Freitag, 3. Februar 2012

Ich war der Hehler von Christian Wulff


Sie haben mich in den Jugendknast in Charlottenburg gesteckt, weil nichts anderes frei war. Ich bin da aufgewacht, kann mich an die Verurteilung nicht erinnern. Totales Blackout. Hehlerei, klar, aber wie bin ich da reingerutscht? Die Kids im Knast nehmen mich nicht wahr. Alles sehr großzügig hier, mehr wie eine Jugendherberge. Wir sind zu acht in den Zimmern, können uns tagsüber frei bewegen. Das Essen zerstört meinen Magen-Darmtrakt. Die scheißen hier auf Laktose-Intoleranz.

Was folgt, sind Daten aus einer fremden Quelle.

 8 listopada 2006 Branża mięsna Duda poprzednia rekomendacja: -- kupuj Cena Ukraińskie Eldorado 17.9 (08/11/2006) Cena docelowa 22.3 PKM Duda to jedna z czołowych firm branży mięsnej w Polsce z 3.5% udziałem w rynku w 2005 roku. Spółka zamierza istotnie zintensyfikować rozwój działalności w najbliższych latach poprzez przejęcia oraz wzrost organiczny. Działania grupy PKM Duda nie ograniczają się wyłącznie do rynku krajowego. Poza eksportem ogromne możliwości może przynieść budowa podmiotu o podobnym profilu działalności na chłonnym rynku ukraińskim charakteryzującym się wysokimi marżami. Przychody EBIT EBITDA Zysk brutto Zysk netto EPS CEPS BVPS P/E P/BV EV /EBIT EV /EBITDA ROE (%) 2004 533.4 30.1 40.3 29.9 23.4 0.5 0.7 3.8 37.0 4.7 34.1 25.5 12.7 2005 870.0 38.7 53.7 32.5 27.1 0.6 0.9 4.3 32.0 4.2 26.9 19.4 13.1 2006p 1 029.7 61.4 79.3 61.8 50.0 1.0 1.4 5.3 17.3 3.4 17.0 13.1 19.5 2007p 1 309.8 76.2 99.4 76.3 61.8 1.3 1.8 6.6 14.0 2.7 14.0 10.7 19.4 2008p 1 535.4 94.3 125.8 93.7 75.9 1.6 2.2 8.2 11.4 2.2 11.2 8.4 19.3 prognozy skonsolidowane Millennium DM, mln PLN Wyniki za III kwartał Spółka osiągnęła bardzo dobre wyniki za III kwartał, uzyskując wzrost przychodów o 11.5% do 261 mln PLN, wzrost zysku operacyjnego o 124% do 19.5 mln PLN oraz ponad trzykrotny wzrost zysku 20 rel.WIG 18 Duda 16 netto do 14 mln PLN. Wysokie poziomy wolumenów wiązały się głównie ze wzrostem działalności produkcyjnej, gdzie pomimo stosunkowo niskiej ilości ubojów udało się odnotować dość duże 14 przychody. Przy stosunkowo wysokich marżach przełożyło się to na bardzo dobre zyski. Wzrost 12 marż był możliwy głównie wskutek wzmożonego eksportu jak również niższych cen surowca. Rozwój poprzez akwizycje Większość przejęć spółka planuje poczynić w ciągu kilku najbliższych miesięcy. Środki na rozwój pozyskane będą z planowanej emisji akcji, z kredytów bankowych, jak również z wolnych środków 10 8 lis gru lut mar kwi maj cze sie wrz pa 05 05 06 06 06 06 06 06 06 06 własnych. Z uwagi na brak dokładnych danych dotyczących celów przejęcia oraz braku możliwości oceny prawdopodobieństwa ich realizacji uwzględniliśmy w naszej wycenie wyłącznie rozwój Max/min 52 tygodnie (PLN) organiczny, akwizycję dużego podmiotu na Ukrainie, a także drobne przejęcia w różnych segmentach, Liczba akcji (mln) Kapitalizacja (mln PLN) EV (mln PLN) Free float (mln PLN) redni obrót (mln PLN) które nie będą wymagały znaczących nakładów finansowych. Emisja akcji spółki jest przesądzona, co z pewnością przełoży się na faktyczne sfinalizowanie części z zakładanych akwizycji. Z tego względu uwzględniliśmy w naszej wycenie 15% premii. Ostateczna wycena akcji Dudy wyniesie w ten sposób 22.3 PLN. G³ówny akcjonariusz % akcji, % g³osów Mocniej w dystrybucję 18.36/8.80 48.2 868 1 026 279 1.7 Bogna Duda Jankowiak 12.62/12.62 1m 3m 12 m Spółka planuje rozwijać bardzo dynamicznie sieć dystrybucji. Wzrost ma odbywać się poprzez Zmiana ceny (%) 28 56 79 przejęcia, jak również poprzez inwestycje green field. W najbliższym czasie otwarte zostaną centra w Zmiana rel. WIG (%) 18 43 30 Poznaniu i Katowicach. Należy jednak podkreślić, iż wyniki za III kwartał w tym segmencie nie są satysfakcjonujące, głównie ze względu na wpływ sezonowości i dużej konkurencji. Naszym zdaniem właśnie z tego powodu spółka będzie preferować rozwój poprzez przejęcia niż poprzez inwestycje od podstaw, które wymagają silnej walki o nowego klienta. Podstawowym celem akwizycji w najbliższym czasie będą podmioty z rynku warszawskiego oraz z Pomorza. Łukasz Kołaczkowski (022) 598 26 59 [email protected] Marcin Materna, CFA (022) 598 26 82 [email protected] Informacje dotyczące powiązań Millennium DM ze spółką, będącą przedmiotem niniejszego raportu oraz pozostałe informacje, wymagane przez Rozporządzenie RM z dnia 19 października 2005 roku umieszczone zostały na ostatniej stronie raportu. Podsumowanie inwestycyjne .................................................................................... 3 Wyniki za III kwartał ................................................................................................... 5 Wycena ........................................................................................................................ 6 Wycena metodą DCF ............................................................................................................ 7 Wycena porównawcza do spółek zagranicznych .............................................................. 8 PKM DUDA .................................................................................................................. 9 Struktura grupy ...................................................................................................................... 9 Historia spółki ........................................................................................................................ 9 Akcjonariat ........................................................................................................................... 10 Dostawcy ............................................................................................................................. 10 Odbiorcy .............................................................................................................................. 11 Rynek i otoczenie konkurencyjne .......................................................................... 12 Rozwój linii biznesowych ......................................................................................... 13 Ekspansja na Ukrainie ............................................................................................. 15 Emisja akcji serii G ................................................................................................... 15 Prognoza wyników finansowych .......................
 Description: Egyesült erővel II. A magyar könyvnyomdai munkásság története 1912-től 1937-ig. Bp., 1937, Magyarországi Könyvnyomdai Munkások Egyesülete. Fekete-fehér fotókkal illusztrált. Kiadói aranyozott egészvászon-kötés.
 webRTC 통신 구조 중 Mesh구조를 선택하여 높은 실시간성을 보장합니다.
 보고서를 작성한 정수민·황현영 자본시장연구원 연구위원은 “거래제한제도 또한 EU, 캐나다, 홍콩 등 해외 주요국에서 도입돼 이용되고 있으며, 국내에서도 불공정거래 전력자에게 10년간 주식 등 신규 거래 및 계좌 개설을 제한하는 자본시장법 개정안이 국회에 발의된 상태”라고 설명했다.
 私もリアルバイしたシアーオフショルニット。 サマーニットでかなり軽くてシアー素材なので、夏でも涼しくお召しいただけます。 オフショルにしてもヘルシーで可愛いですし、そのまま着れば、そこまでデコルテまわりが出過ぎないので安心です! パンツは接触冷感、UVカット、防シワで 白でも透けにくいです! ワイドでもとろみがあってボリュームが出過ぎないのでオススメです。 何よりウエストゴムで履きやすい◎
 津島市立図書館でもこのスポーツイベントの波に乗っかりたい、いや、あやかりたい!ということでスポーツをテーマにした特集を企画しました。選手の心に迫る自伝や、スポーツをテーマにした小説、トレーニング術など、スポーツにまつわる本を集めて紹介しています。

Ich will nicht verhungern. Die Kids spielen den ganzen Tag Karten oder starren in die Glotze. Es fehlt überall Licht. Am Anfang dachte ich: wie Urlaub. Seit ein paar Stunden spüre ich die Angst hochkriechen. Meine Beine sind schon fast taub. Ich habe versucht ins Zimmer zu kommen, aber den Weg nicht gefunden. Das kann ich nicht sagen. Aber es wird schlimmer. Der Kopf will schon gegen die Wand. Das Herz wird eingekreist von der Panik. Ich kenne das. Wenn du denkst, das Herz hört auf. Ich finde dieses Scheißzimmer nicht. Ich muss was sagen. Aber kein Scheißwärter taucht auf. Die Kids blicken durch mich hindurch. Sag es den Kids, und du bist tot. Sag es dem Wärter, und er fickt dich. Ich probiere, es in den Griff zu bekommen. Nicht dran denken. Nur nicht dran denken. Aber sobald du denkst, du sollst nicht dran denken, denkst du dran. Ich finde mich in einem Bett wieder. Ist nicht meins. Ist also nur eine Frage der Zeit, bis sie merken, dass ich mich nicht mehr rühren kann. Dass die Panik da ist. Herzneurose. Irgendwann hört es dann wirklich auf. Ich mache die Augen zu. Warten. Ich finde mich auf einem der Gänge wieder, ein Wärter. Frage, ob es einen Arzt gibt. Wofür, will er wissen. Wenn ich es sage, komme ich hier nie mehr raus. Was, wenn ich ihn verrate? Entscheide dich. Jetzt.